Jan Gympel

Hamburg hat das geringste Tramunfallrisiko

Jahrelang erforschten die deutschen Versicherer Unfälle mit Straßenbahnbeteiligung. Das für sie offenkundig überraschende Ergebnis: Schuld an solchen Unfällen sind meist Autofahrer oder Fußgänger. Die Schlussfolgerung: Bei der Tram muss sich manches ändern!?

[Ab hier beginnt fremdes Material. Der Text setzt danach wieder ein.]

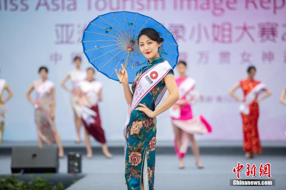 4月13日,2019亚洲旅游形象小姐大赛中国区直选赛在成都市青白江区举行,本次直选赛的冠、亚、季军选手将获得角逐2019亚洲旅游形象小姐大赛中国区总决赛的资格。经过多轮赛前选拔,来自全国28名佳丽通过旗袍秀、比基尼秀等环节的比拼,角逐此项赛事中国区总决赛的资格。图为旗袍展示现场。中新社发 青轩 摄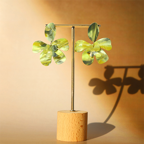 Trendy resin oorbellen / oorstekers bloem Multicolour green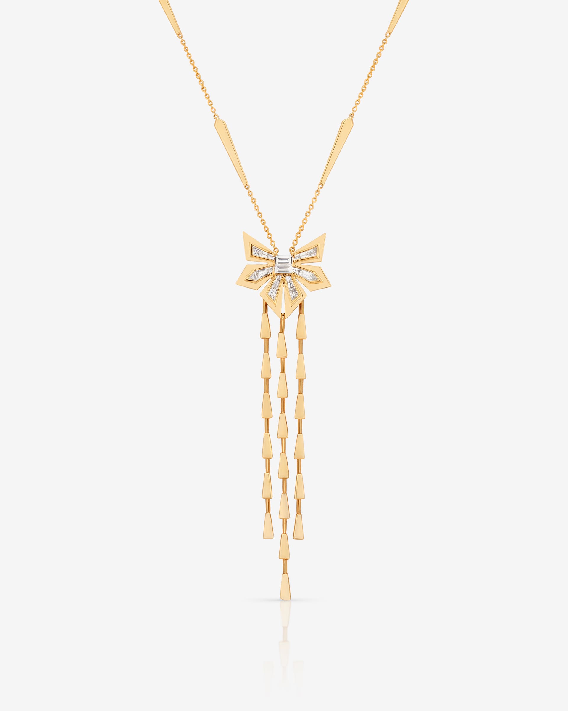 Captivating the asymmetrical forms of post-modernism architecture, Stephen Webster introduces the Dynamite Cascade Necklace. Set in 18ct yellow gold, with tapered white diamond baguettes and central white diamond baguettes.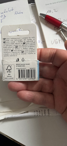 Vivess is REWE's in‑store private label used for low‑cost household, stationery and basic office items. Staples sold under such private labels are typically manufactured in Asian manufacturing hubs (primarily China) with some production/shipments also originating from Thailand or South Korea depending on supplier and lot — hence "Primarily in China, but also produced in other locations." Packaging also carries an EAN barcode (transcribed from the image as 4337256129369) and the FSC/MIX certification mark for the cardboard sleeve.

2016 stellte der Gesamtverband der Deutschen Versicherungswirtschaft (GDV) eine Studie der „Unfallforschung der Versicherer (UDV)“ vor, deren wesentliche Ergebnisse auch sogleich von den Medien wiedergegeben wurden. In der Regel ohne viel über das Berichtete nachzudenken, es gar kritisch zu hinterfragen, sondern schlicht die Pressemitteilung umzuschreiben. Zumal diese mit „Unfallrisiko Straßenbahn“ eine schöne, da alarmierende Überschrift besaß. Der RBB schlagzeilte auf seiner Website denn auch sogleich: „In Berlin gibt es viele schwere Straßenbahnunfälle“.

„Erstmals für Deutschland wurden Straßenbahnunfälle so umfassend untersucht“, verkündete der GDV weiter. 4100 Tramunfälle aus 58 deutschen Städten im Zeitraum 2009 bis 2011 habe man analysiert. „Das kommt einer Vollerhebung gleich.“ Löbliches Ziel dieses Vorhabens: „herauszufinden, wie, wo und wann die verschiedenen Verkehrsteilnehmer in Unfälle mit Straßenbahnen verwickelt sind, welche Folgen diese Unfälle haben und welche Maßnahmen dagegen helfen können.“

Bei ihrer Forschung fanden die Wissenschaftler Erstaunliches heraus: „Schon wegen des hohen Gewichts der Fahrzeuge und dem anderen Bremsverhalten sind Kollisionen mit Straßenbahnen insgesamt deutlich [...]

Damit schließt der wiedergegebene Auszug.